TO DO |
The line holding "L’Or de Vie lègue" is the last one to output; start at the first line of the data, keep every line in between exactly, and leave out pictures.

Top of DATA LISTING

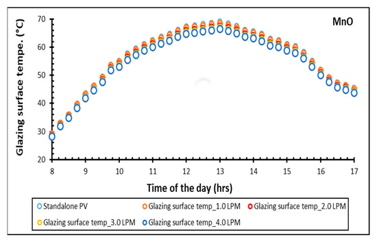The trends in the glazing surface obtained over time for all investigated flow rates of 1–4 LPM of liquid-based MnO nanofluid are shown in Figure 12. Every 1 °C increase in temperature over the recommended operating temperature on the PV panel surface results in a 0.5%drop in efficiency. Overheating solar cells generates thermal stress, reducing the lifespan of PV cells [7,8,9]. The average glazing surface or solar panel temperatures were 57.1 °C, 55.4 °C, 54.2 °C, 53.1 °C, and 52.5 °C for flow rates ranging from 1 to 4 LPM. The greatest glazing surface temperatures for the four flow rates of 1–4 LPM with a freestanding PV system were 69.2 °C, 67.1 °C, 65.7 °C, 64.4 °C, and 63.7 °C.
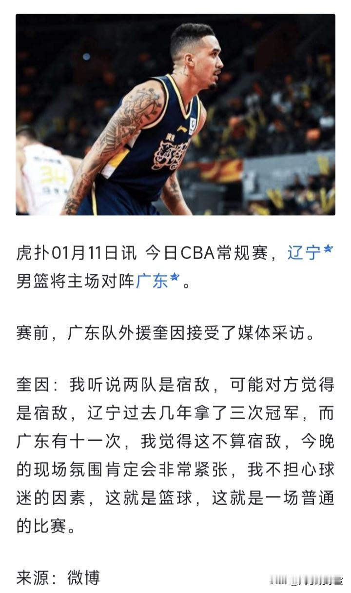 口气不小!广东外援奎因竟然质疑辽宁不配当广东的宿敌,当他听到队友萨姆纳说今晚的对手辽宁是广东队的宿敌时,他持不同意见,他认为辽宁最近才拿的三连冠,总共也才拿了4次总冠军,在此之前广东已经拿了11次总冠军,冠军数广东遥遥领先辽宁,真正比起来,辽宁并不算是广东的宿敌!
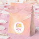 Couleurs rose, orange et jaune sherbert "Un petit rayon de soleil est sur son chemin" Baby shower fille design. Dispose d'un arc en ciel aquarelle et d'un petit soleil qui ressemble à un tournesol. Conception composite par Hoilday Hearts Designs.
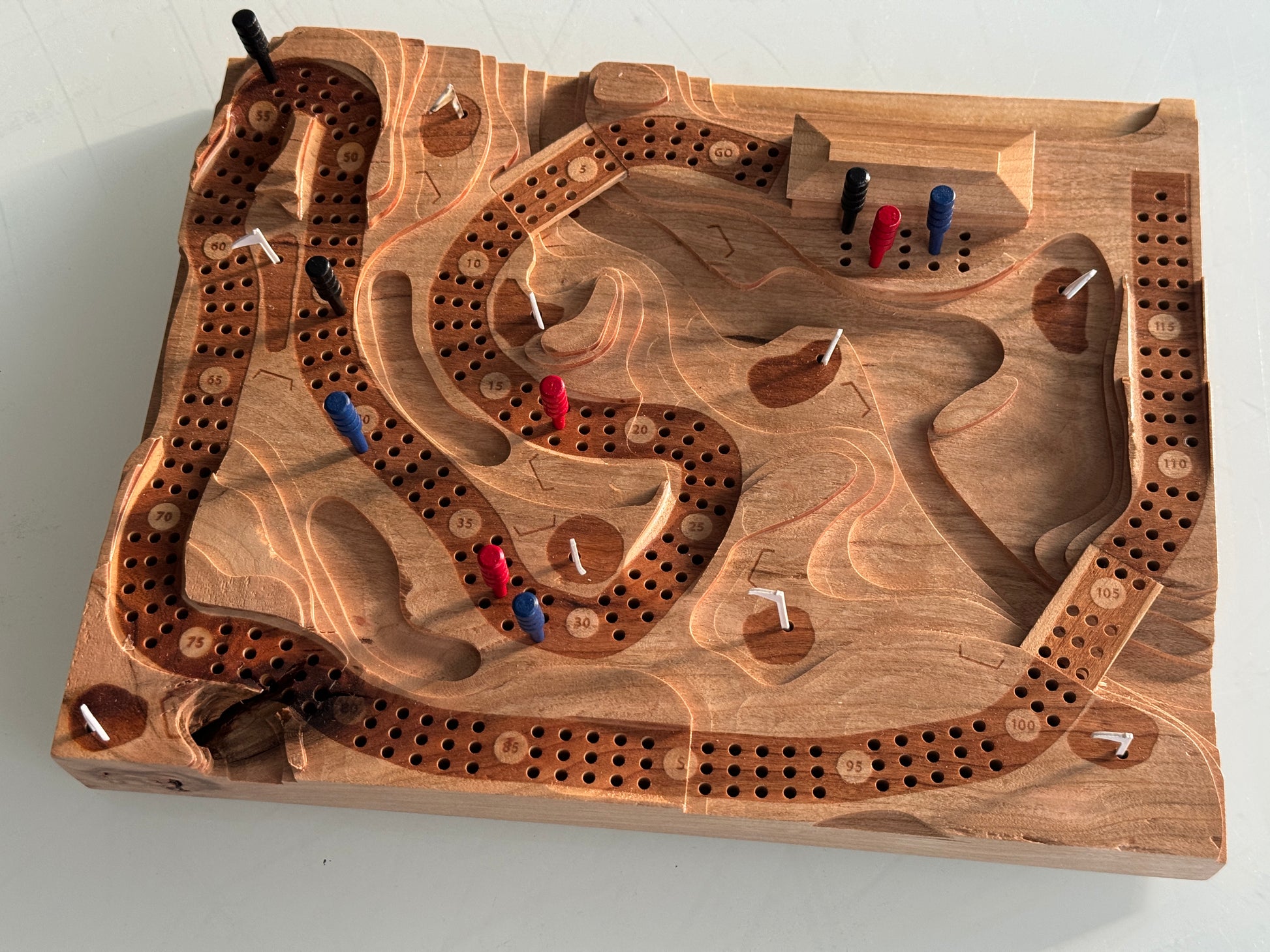 Your cribbage board offers a trek around the 'Back Nine' of an artfully landscaped golf course. If you can find a way to actually play the golf game, there are tee boxes, greens and pin flags and holes for each of the nine holes. If you are only playing cribbage, you will have to let your imagination take care of the golfing. Either way, park your cart at the clubhouse at the end of the game, and have a sit on the patio overlooking the course, planning your next round.
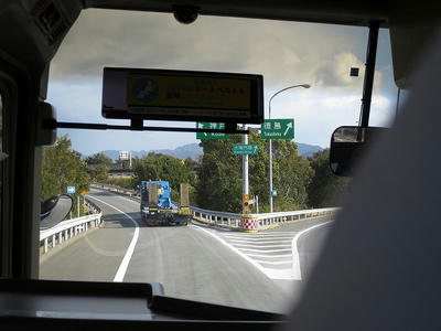 カネショウのトラックに抜かれる。淡路島走ってるとよく見かけますね。
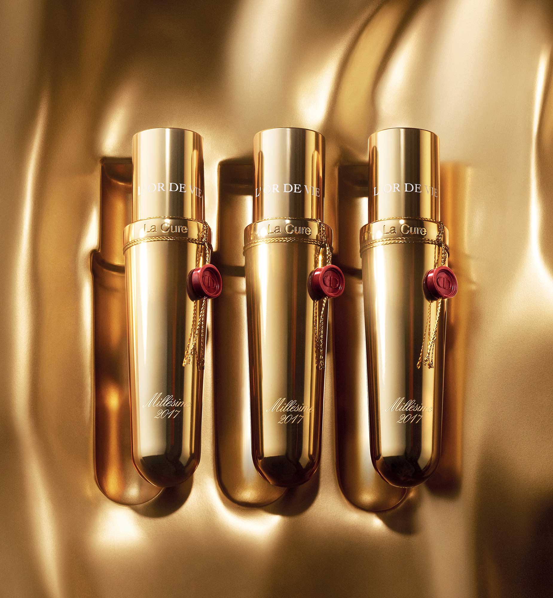 L’Or de Vie lègue ainsi cette quête d’excellence aux femmes Dior — ses pouvoirs transformatifs et inédits… En trois mois, semaine après semaine, la peau développe une résistance remarquable. Et c’est en réactivant pleinement la jeunesse que les contours du visage sont comme resculptés, protégés par cette cure miracle. Mais la cure est rare et précieuse. L’Or de Vie se concentre dans trois flacons scellés de fil d’or et cachetés de cire rouge — et seules 1800 pièces contenant cette formule surdouée ont pu être produites dans les ateliers Dior du 30 de l’Avenue Montaigne.
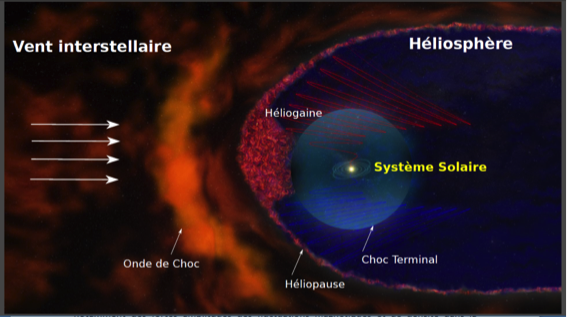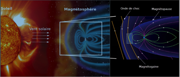 Le vent solaire est un plasma supersonique (flux de particules chargées principalement des protons et des électrons) qui est continuellement émis par le soleil. Le vent se propage dans le milieu interplanétaire et interagit avec les planètes du système solaire. Pour les planètes pourvues d'un champ magnétique intrinsèque, une magnétosphère se forme autour de la planète et agit comme un obstacle s'opposant à l'écoulement du vent solaire. L'interaction vent solaire-magnétosphère génère alors une onde de choc, suivie d'une région très turbulente appelée magnétogaine dans laquelle le vent solaire ralentit, devient plus dense et plus chaud (Figure 1). La turbulence plasma dans le magnétogaine est considérée comme un ingrédient clé pour comprendre les transferts d'énergie et la pénétration des particules du vent solaire dans la magnétosphère, processus responsables de plusieurs phénomènes dynamiques tels que les aurores polaires.
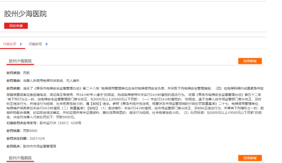 近日,胶州少海汇医院因在电梯使用中未实行24小时值班及涉嫌假冒专利两项违规违法行为,被胶州市市场监督管理局依法给予行政处罚。
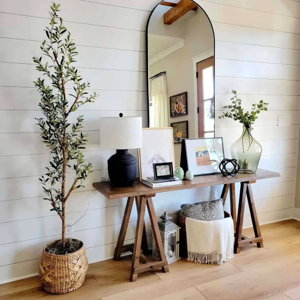 Bring the outdoors in by placing a small potted tree, like a lemon or olive tree, near your entry table. The lush greenery adds height, texture, and a fresh, organic vibe to your spring setup.
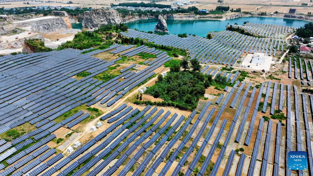 An aerial drone photo shows photovoltaic panels at the Qinglong Mountain resort in Hetaoyuan Town of Juye County, east China's Shandong Province, June 4, 2025.
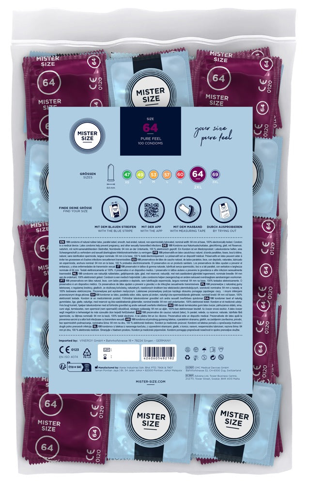 Op de voorkant van de verpakking kan de breedte van de donkerblauwe middenstreep gebruikt worden om de juiste condoommaat voor de penis in te schatten. Maat 64 mm is geschikt voor een penisomtrek van 14,5 tot 15,5 cm.
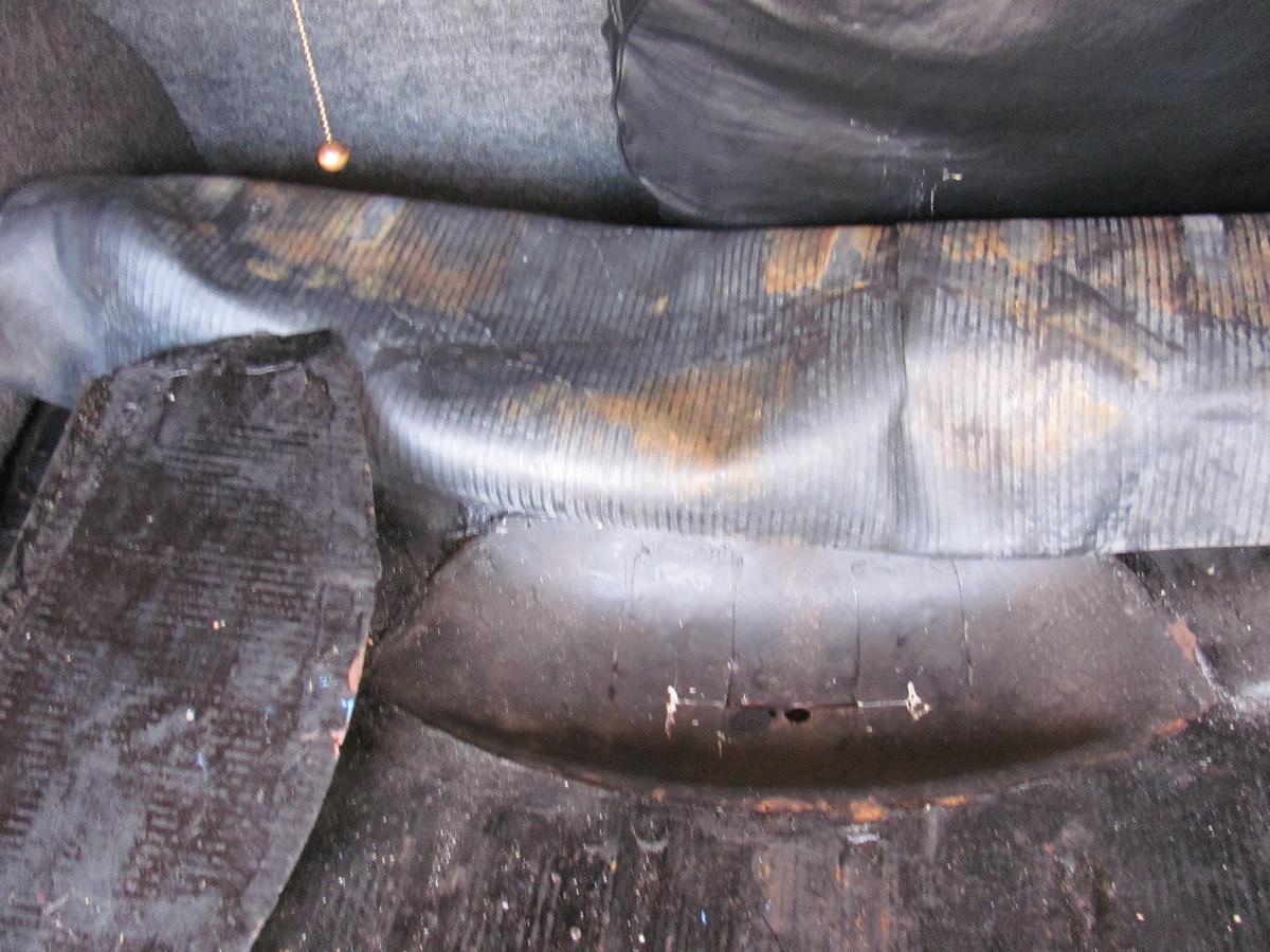 Have a 1947 Ford "long door" coupe which appears to have been assembled about mid-year. It has not indicated any 1946 left-over features/parts. I recently replaced the gas tank. When I rolled up the trunk floor mat, in center I found a suspicious oblong-shape metal plate riveted in-place. Further forward from that location is my spare tire, sitting in a shallow tire well, attached to the back of the rear seat. I had to access the forward bolt which holds the gas tank to the frame and it was beneath this mysterious floor plate. Broke the rivets and removed the plate to find a second spare tire well (see photo). During assembly of the car body, did Ford used a floor pan which would accommodate both the short-door business coupe body and the long-door body ? Anyone ever encounter this condition ? Also interesting, to form the spare tire well, they made several cuts thru the floor panel, bent and shaped the tire well, then used a fiber-glass type patching material to make the well water-tight.
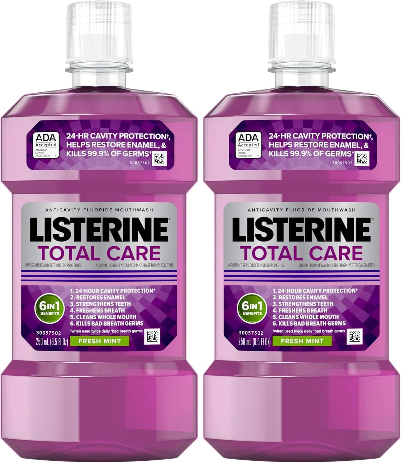 FLUORIDE ANTICAVITY MOUTHWASH: 250-milliliters of Listerine Fluoride Anticavity Mouthwash in fresh mint flavor to improve oral health by helping to prevent cavities, strengthening teeth, and leaving a refreshing, clean feeling you can taste
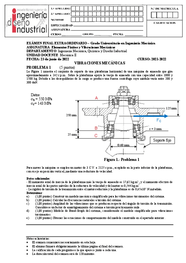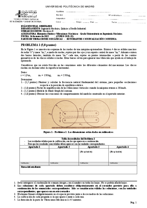 He publicado nuevos examenes de 4º ELEMENTOS FINITOS Y VIBRACIONES MECÁNICAS: vibraciones-parcial-2-2022.pdf
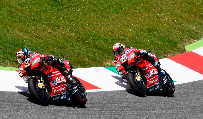 El Mission Winnow Ducati ha vivido un domingo para enmarcar en el Autódromo Internacional del Mugello. Danilo Petrucci ganó el Gran Premio de Italia, su primera victoria en MotoGP, y Andrea Dovizioso consiguió la tercera posición, a solo tres décimas. Para Ducati esta es la tercera victoria consecutiva en el GP de casa, tras la de Dovizioso en 2017 y la de Jorge Lorenzo en 2018. Un resultado extraordinario y celebrado por los numerosos aficionados que han llenado la tribuna Ducati.
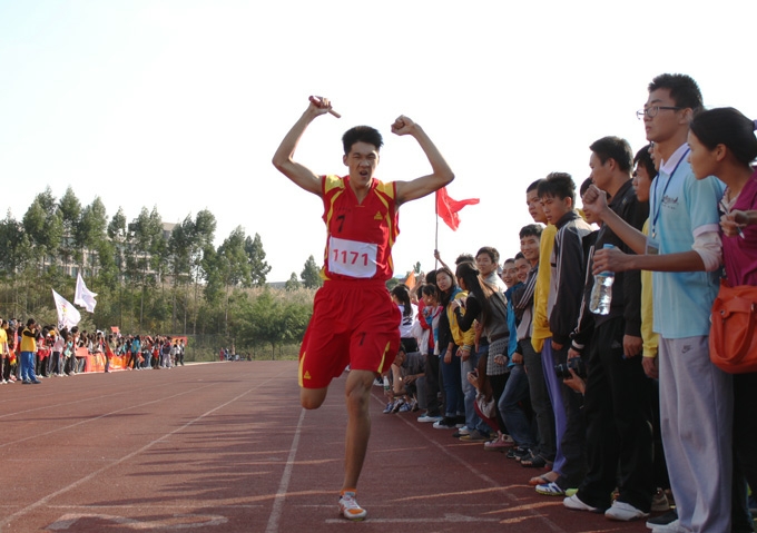 比赛时,詹旭冬一直领先,抛开了其他运动员,以绝对的优势首位冲到了终点。来自机电学院的陈华定和电信学院的李煌基,分别获得第二第三名。
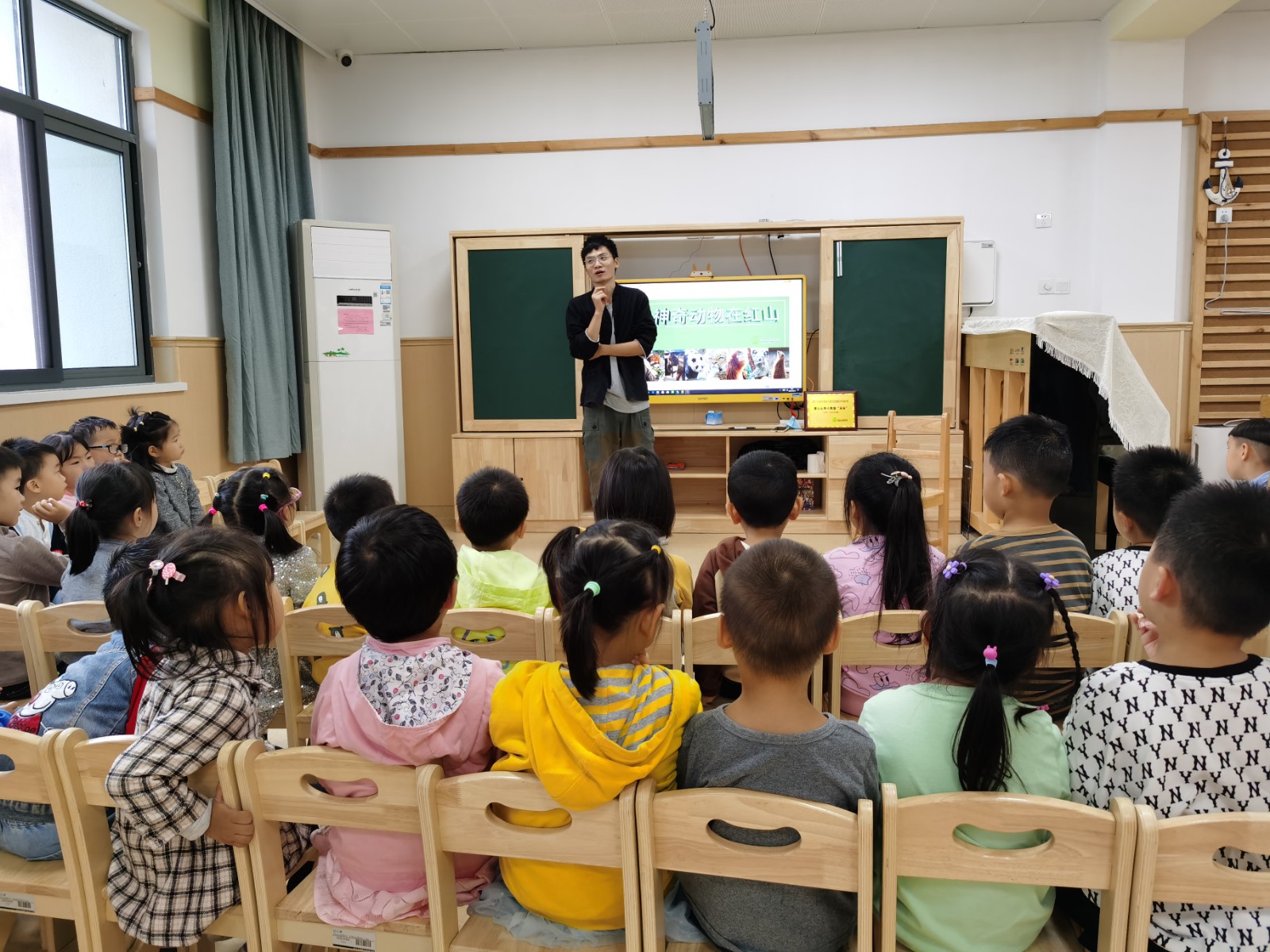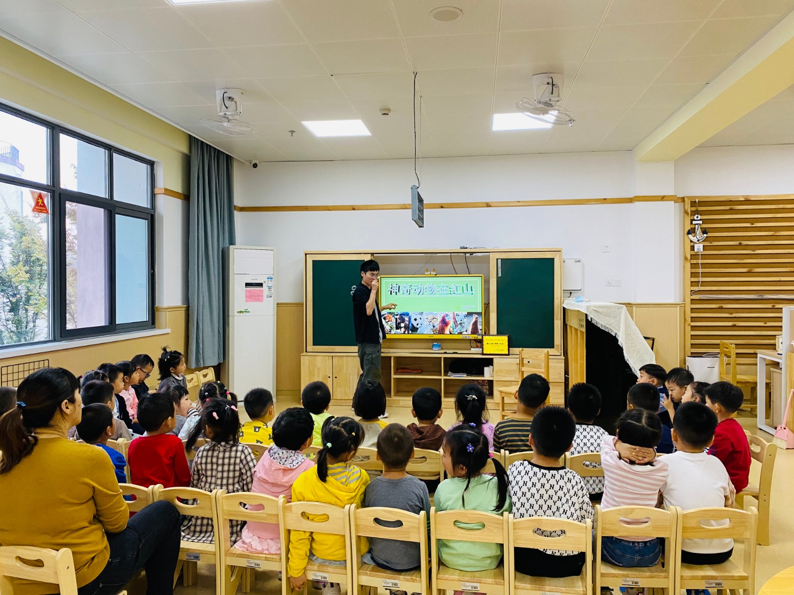 南京市仙林实验幼儿园光启路分园中四班认养红山动物园的“小熊猫朵朵”活动之后,10月15日,红山动物园的讲解员走进中四班,进行动物科普活动,从而拉进了幼儿与小熊猫朵朵的情谊。

Bottom of DATA LISTING

RESULT OF THE TASK |
The trends in the glazing surface obtained over time for all investigated flow rates of 1–4 LPM of liquid-based MnO nanofluid are shown in Figure 12. Every 1 °C increase in temperature over the recommended operating temperature on the PV panel surface results in a 0.5%drop in efficiency. Overheating solar cells generates thermal stress, reducing the lifespan of PV cells [7,8,9]. The average glazing surface or solar panel temperatures were 57.1 °C, 55.4 °C, 54.2 °C, 53.1 °C, and 52.5 °C for flow rates ranging from 1 to 4 LPM. The greatest glazing surface temperatures for the four flow rates of 1–4 LPM with a freestanding PV system were 69.2 °C, 67.1 °C, 65.7 °C, 64.4 °C, and 63.7 °C.
 口气不小!广东外援奎因竟然质疑辽宁不配当广东的宿敌,当他听到队友萨姆纳说今晚的对手辽宁是广东队的宿敌时,他持不同意见,他认为辽宁最近才拿的三连冠,总共也才拿了4次总冠军,在此之前广东已经拿了11次总冠军,冠军数广东遥遥领先辽宁,真正比起来,辽宁并不算是广东的宿敌!
 Couleurs rose, orange et jaune sherbert "Un petit rayon de soleil est sur son chemin" Baby shower fille design. Dispose d'un arc en ciel aquarelle et d'un petit soleil qui ressemble à un tournesol. Conception composite par Hoilday Hearts Designs.
 Your cribbage board offers a trek around the 'Back Nine' of an artfully landscaped golf course. If you can find a way to actually play the golf game, there are tee boxes, greens and pin flags and holes for each of the nine holes. If you are only playing cribbage, you will have to let your imagination take care of the golfing. Either way, park your cart at the clubhouse at the end of the game, and have a sit on the patio overlooking the course, planning your next round.
 カネショウのトラックに抜かれる。淡路島走ってるとよく見かけますね。
 L’Or de Vie lègue ainsi cette quête d’excellence aux femmes Dior — ses pouvoirs transformatifs et inédits… En trois mois, semaine après semaine, la peau développe une résistance remarquable. Et c’est en réactivant pleinement la jeunesse que les contours du visage sont comme resculptés, protégés par cette cure miracle. Mais la cure est rare et précieuse. L’Or de Vie se concentre dans trois flacons scellés de fil d’or et cachetés de cire rouge — et seules 1800 pièces contenant cette formule surdouée ont pu être produites dans les ateliers Dior du 30 de l’Avenue Montaigne.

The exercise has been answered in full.